Inside the wire for the region $$r < a$$, the current enclosed by an Amperian loop of radius $$r$$ depends on the cross-sectional area:

$$I_{\text{enclosed}} = I \cdot \frac{\pi r^2}{\pi a^2} = I \frac{r^2}{a^2}$$

Applying Ampere's Law for this internal region: $$\oint B \cdot dl = \mu_0 I_{\text{enclosed}}$$

$$B \cdot (2\pi r) = \mu_0 I \frac{r^2}{a^2}$$ $$\implies$$ $$B = \frac{\mu_0 I r}{2\pi a^2}$$

This shows that $$B \propto r$$ inside the wire.

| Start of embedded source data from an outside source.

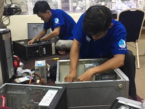 Ces derniers jours, dans une chambre au 3e étage du Centre des sciences et des technologies pour la jeunesse (CSTJ), lequel relève de l’Union des jeunes communistes de Hô Chi Minh-Ville (UJC), les étudiants se pressent de finir de remonter de vieux ordinateurs pour une prochaine remise aux élèves et étudiants de la province de Bac Ninh (Nord). Ces ordinateurs sont assemblés à partir d’accessoires de vieilles machines.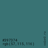 Цвет #397374 в цветовой модели RGB обозначается тремя октетами (57, 115, 116) в десятичном формате и #397374 в шестнадцатиричном (hex) формате, которые являются интенсивностью красного 57 (hex 39), интенсивность зелёного 115 (hex 73) и интенсивность синего 116 (hex 74).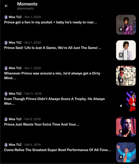 One of the ways Miss TLC provides content on Twitter is through Moments, which encapsulate her extensive musical history knowledge-based threads.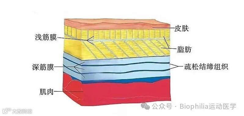 - 核心筋膜:髂胫束(大腿外侧的厚实筋膜带)、阔筋膜(包裹大腿肌肉的深筋膜)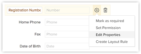 - Nell'editor del layout del modulo, andare al campo che si desidera crittografare, fare clic sull'icona Settings e selezionare Edit Properties.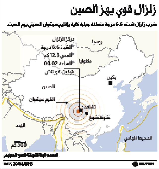 وقع زلزال بلغت قوته 6.6 درجات في منطقة جبلية نائية يغلب عليها الطابع الريفي في إقليم سيشوان جنوبي غربي الصين أمس، ما أوقع 124 قتيلاً على الأقل فضلاً عن إصابة نحو 2500، قرب المنطقة التي وقع فيها زلزال قوي عام 2008 قتل نحو 70 ألف شخص.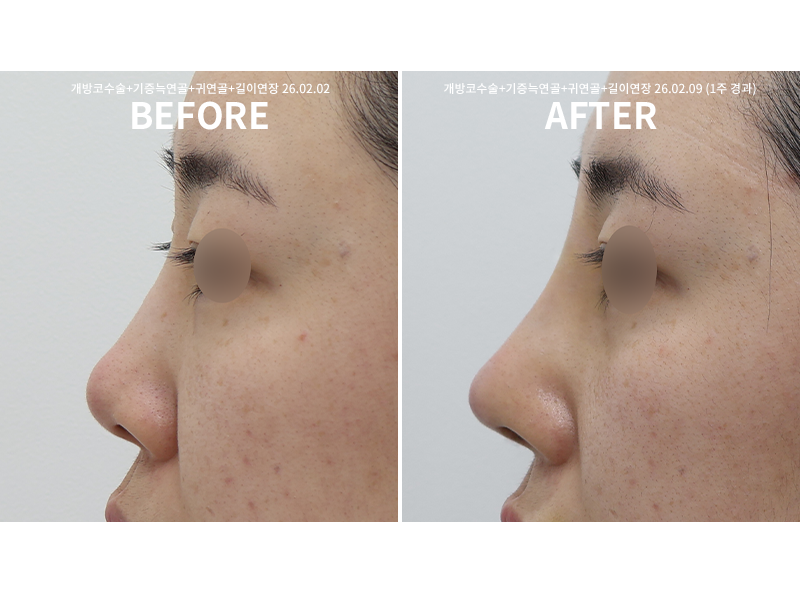 개방 코재수술+귀연골+화살코 교정 약 1개월 경과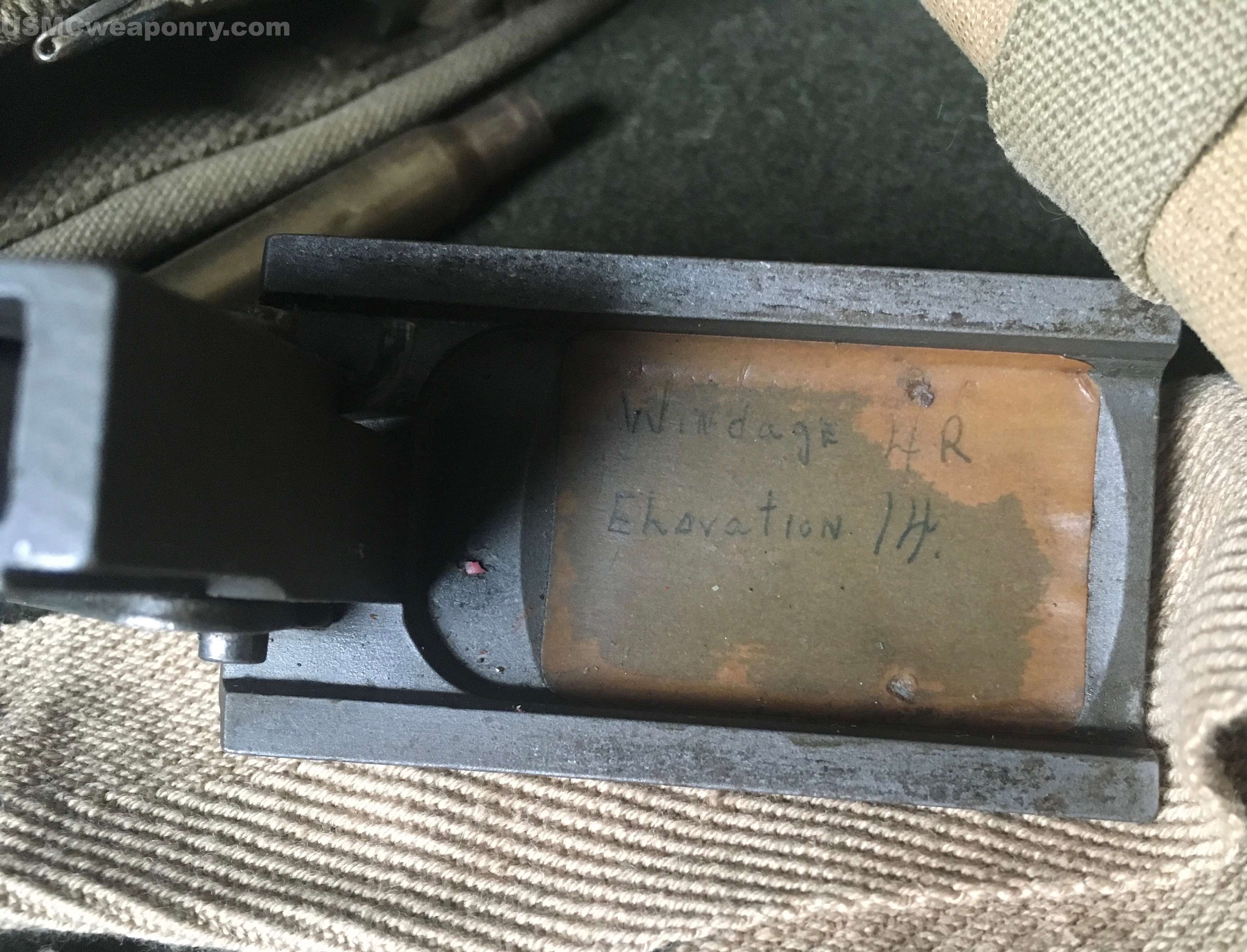USMC 1.14 million range Springfield Armory M1 Garand, with “DOPE” tag stating the Marine’s Battle Sight Zero (BZO) on the inside of the trigger housing. The Marines practiced including a dope tag with every M1 Garand and a variety of types have been seen, most commonly in the butt trap or the trigger housing.

Outside the wire for the region $$r > a$$, the Amperian loop of radius $$r$$ encloses the total current: $$I_{\text{enclosed}} = I$$

Applying Ampere's Law for this external region: $$\oint B \cdot dl = \mu_0 I_{\text{enclosed}}$$

$$B \cdot (2\pi r) = \mu_0 I$$ $$\implies$$ $$B = \frac{\mu_0 I}{2\pi r}$$

This shows that $$B \propto \frac{1}{r}$$ outside the wire.